# Task goal:
In the records below, repeat word for word only the lines starting at the one that contains "全選手の中で最も長い走行距離" and ending at the one that contains "交易策略:在2910.00之下看跌,目标2864.00    2800.00", pictures excluded.

Items from a data source:
——

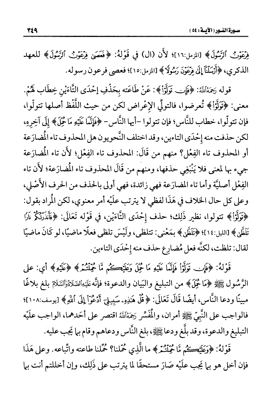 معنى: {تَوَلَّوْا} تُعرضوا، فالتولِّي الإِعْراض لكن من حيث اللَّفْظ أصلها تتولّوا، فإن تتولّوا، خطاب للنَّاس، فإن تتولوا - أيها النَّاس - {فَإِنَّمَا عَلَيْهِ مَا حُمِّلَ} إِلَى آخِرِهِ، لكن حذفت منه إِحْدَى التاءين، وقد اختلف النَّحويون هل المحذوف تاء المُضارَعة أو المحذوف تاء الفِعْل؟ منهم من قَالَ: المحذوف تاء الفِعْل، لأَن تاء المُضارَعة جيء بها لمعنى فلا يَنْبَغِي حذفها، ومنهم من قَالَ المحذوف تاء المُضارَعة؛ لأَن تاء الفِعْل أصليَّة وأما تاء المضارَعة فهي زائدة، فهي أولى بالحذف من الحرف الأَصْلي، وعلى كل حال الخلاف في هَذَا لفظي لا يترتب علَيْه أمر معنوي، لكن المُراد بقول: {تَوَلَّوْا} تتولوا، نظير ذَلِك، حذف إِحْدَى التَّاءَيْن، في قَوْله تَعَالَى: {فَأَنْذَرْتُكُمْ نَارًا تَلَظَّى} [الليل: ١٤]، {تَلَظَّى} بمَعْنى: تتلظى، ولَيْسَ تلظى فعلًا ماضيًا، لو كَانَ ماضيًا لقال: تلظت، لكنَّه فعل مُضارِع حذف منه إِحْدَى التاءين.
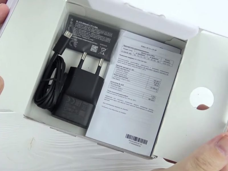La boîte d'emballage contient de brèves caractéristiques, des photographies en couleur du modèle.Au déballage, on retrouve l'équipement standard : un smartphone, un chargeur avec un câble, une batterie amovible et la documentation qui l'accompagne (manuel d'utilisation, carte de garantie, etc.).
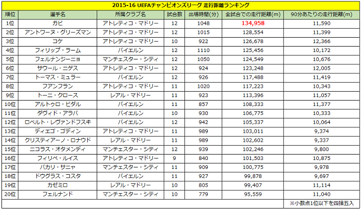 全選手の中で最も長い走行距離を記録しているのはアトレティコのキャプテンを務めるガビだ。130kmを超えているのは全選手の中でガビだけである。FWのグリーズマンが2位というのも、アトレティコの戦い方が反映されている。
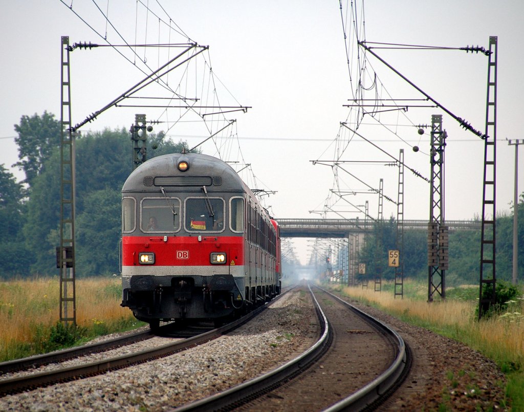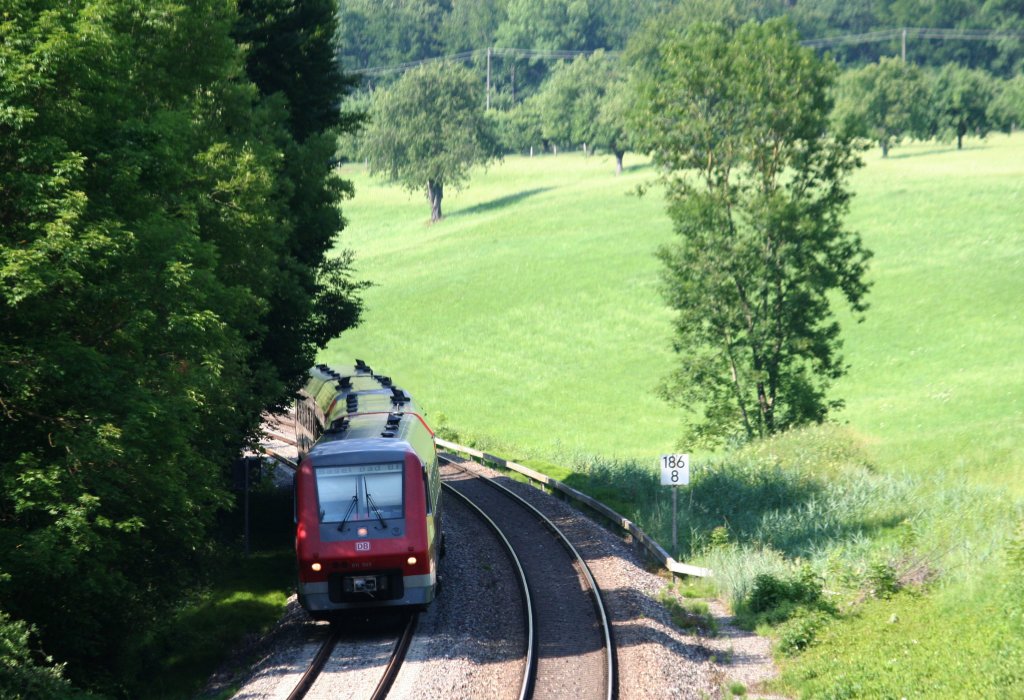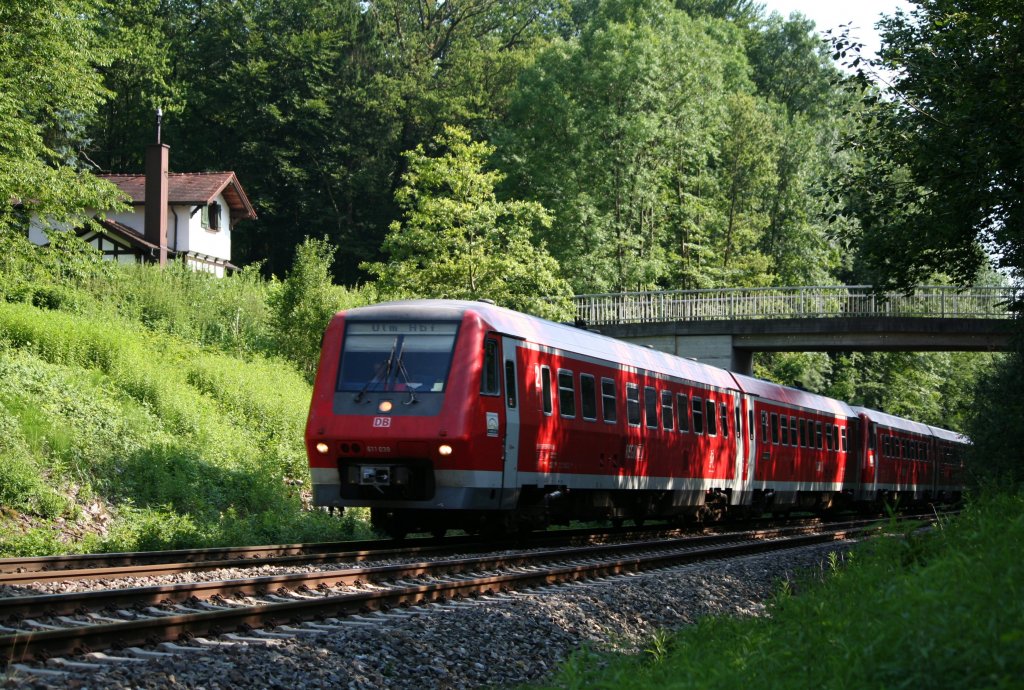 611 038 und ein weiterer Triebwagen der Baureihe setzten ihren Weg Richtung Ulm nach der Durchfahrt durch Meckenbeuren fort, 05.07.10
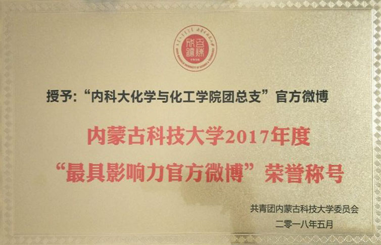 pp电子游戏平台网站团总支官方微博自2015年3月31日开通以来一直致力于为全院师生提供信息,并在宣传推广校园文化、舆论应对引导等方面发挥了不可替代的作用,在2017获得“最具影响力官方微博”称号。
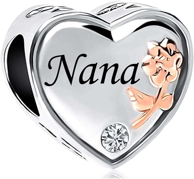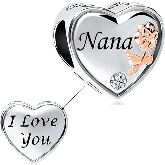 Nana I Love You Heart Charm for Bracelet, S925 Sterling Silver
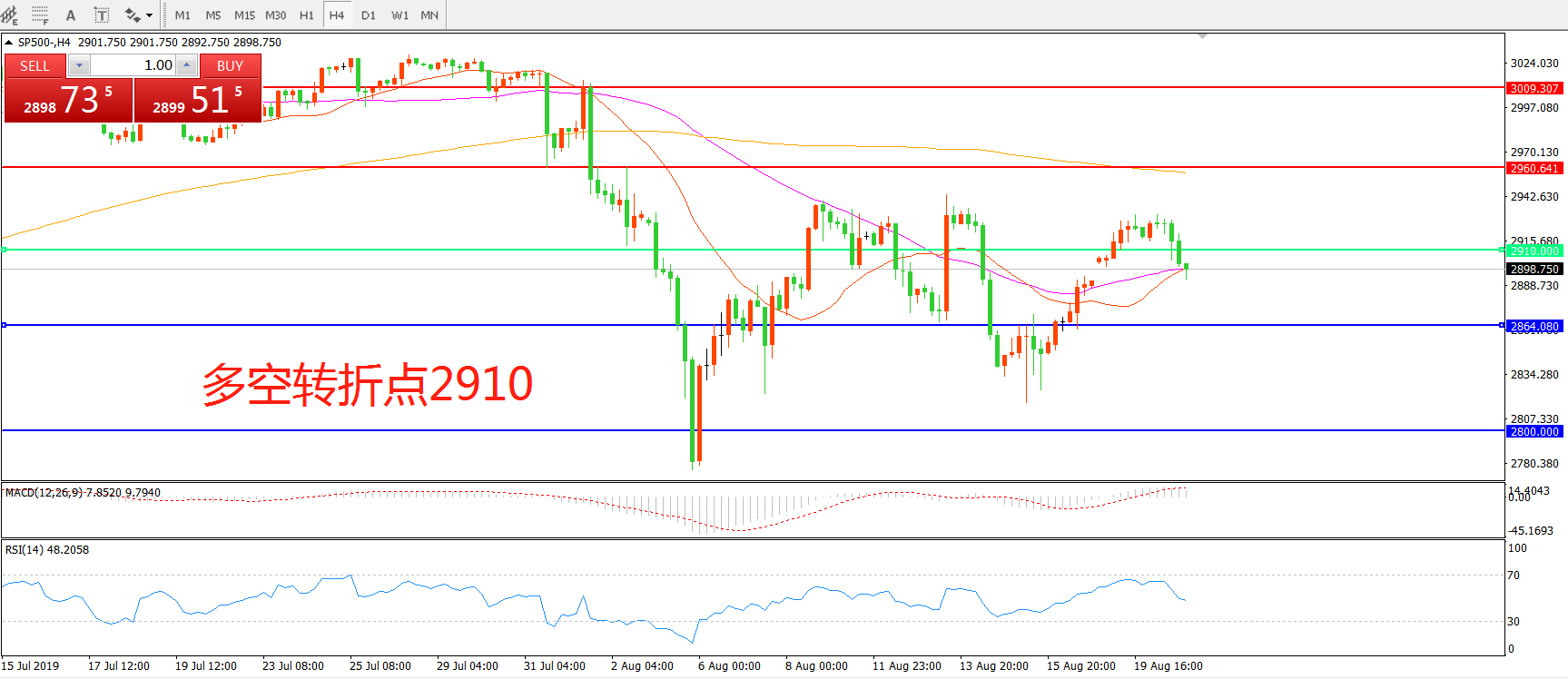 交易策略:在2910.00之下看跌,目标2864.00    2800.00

——

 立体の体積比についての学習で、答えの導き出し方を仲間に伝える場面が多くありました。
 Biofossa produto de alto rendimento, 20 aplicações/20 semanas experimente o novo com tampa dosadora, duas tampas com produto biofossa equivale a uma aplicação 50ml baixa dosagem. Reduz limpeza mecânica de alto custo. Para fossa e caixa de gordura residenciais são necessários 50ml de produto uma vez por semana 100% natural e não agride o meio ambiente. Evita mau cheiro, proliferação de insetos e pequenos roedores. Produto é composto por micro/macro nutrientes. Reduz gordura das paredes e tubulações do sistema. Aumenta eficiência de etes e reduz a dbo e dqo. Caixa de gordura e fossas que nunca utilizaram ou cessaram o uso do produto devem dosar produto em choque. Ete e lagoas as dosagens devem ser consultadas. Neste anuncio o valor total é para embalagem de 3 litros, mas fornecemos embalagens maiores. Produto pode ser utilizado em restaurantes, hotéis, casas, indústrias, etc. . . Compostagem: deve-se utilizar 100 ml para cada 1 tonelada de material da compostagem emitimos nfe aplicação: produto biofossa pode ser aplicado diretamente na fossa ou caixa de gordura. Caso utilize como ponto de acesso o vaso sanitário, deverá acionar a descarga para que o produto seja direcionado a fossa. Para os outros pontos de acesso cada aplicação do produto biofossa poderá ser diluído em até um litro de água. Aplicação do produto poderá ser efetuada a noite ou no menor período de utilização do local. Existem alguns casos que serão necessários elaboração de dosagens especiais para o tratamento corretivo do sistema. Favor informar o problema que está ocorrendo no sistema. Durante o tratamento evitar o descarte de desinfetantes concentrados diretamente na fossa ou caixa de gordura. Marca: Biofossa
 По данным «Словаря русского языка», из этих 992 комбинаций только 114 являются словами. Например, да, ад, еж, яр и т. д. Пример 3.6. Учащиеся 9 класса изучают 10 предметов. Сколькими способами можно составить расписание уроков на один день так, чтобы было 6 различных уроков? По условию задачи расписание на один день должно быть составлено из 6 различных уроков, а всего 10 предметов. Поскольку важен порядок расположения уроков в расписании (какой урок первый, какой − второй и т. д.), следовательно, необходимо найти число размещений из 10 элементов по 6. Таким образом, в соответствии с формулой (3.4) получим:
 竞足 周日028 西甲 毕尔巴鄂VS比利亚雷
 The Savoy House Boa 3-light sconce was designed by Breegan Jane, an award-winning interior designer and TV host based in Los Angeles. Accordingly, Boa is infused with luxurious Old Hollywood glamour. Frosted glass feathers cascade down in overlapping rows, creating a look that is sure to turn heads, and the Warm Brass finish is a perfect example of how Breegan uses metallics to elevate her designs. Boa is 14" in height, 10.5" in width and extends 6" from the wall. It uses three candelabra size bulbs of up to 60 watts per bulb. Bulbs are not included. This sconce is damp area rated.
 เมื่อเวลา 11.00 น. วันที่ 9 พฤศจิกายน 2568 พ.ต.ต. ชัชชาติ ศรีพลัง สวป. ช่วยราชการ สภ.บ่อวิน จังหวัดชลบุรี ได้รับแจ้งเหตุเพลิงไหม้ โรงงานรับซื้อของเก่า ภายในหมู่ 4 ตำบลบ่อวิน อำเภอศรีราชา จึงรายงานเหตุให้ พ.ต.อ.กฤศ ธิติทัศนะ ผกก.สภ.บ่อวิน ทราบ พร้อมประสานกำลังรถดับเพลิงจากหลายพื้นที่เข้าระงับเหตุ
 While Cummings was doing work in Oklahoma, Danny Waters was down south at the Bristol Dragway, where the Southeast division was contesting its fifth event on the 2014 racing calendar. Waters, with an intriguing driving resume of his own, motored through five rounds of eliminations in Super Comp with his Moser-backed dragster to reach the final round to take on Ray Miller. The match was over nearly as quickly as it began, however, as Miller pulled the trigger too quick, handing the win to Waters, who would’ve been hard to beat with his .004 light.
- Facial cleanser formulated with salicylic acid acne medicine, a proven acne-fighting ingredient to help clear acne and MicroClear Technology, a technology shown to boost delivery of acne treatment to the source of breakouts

——

# Output:
 全選手の中で最も長い走行距離を記録しているのはアトレティコのキャプテンを務めるガビだ。130kmを超えているのは全選手の中でガビだけである。FWのグリーズマンが2位というのも、アトレティコの戦い方が反映されている。
 611 038 und ein weiterer Triebwagen der Baureihe setzten ihren Weg Richtung Ulm nach der Durchfahrt durch Meckenbeuren fort, 05.07.10
 pp电子游戏平台网站团总支官方微博自2015年3月31日开通以来一直致力于为全院师生提供信息,并在宣传推广校园文化、舆论应对引导等方面发挥了不可替代的作用,在2017获得“最具影响力官方微博”称号。
 Nana I Love You Heart Charm for Bracelet, S925 Sterling Silver
 交易策略:在2910.00之下看跌,目标2864.00    2800.00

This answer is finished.